Posted to dev@clerezza.apache.org by Alessandro Adamou <ad...@cs.unibo.it> on 2012/08/14 13:53:42 UTC

Setting a read limit when parsing a Graph

Hi,

I need to write a function that performs lookahead of the OWL ontology 
ID for a Graph, therefore it has to scan the content up to a certain 
point to see if it has found an ontology IRI / version IRI pair.

I thought that setting mark() on a BufferedInputStream did the trick, 
something like:

MGraph graph = new SimpleMGraph();
BufferedInputStream bIn = new BufferedInputStream(content);
bIn.mark(1240); // Read up to 1k
parser.parse(graph, bIn, SupportedFormat.RDF_XML);

(parser has a Jena parser provider registered)

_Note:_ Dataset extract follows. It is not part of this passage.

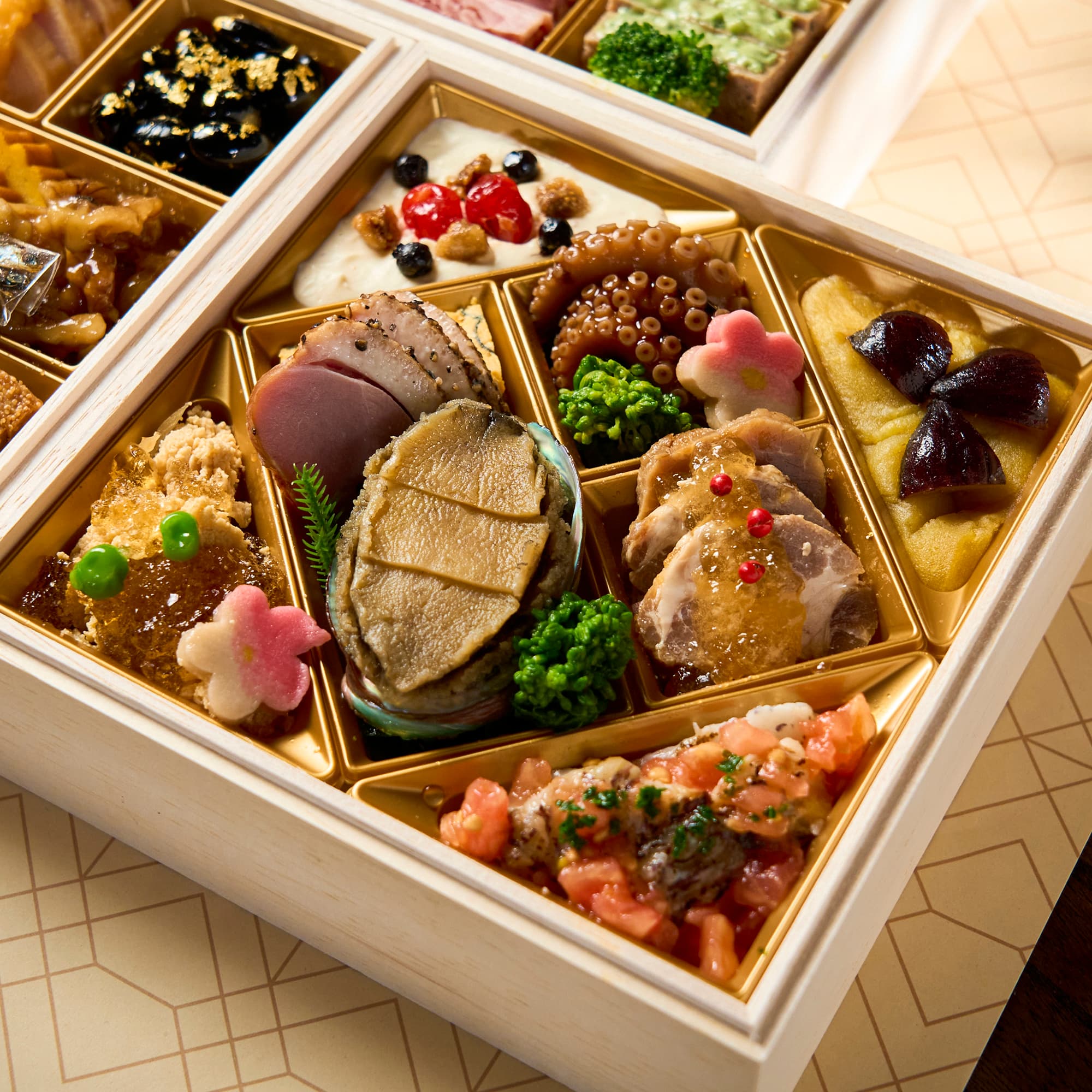 いちじく入りクリームチーズ、五郎島金時の渋皮栗きんとん、蛸やわらか煮、椎茸旨煮、味付菜の花、梅麩、

But apparently this is not working. Even for streams much longer than 1 
kiB, with the interesting triples right at the very end, these triples 
are always found.

Do the Clerezza parser override the marks on a buffered stream, or maybe 
Jena is doing so? Or even better, am I doing this wrong?

Best,
-- Alessandro

-- 
M.Sc. Alessandro Adamou

Alma Mater Studiorum - Università di Bologna
Department of Computer Science
Mura Anteo Zamboni 7, 40127 Bologna - Italy

Semantic Technology Laboratory (STLab)
Institute for Cognitive Science and Technology (ISTC)
National Research Council (CNR)
Via Nomentana 56, 00161 Rome - Italy


"I will give you everything, just don't demand anything."
(Ettore Petrolini, 1917)

Not sent from my iSnobTechDevice

Re: Setting a read limit when parsing a Graph

Posted by Andy Seaborne <an...@apache.org>.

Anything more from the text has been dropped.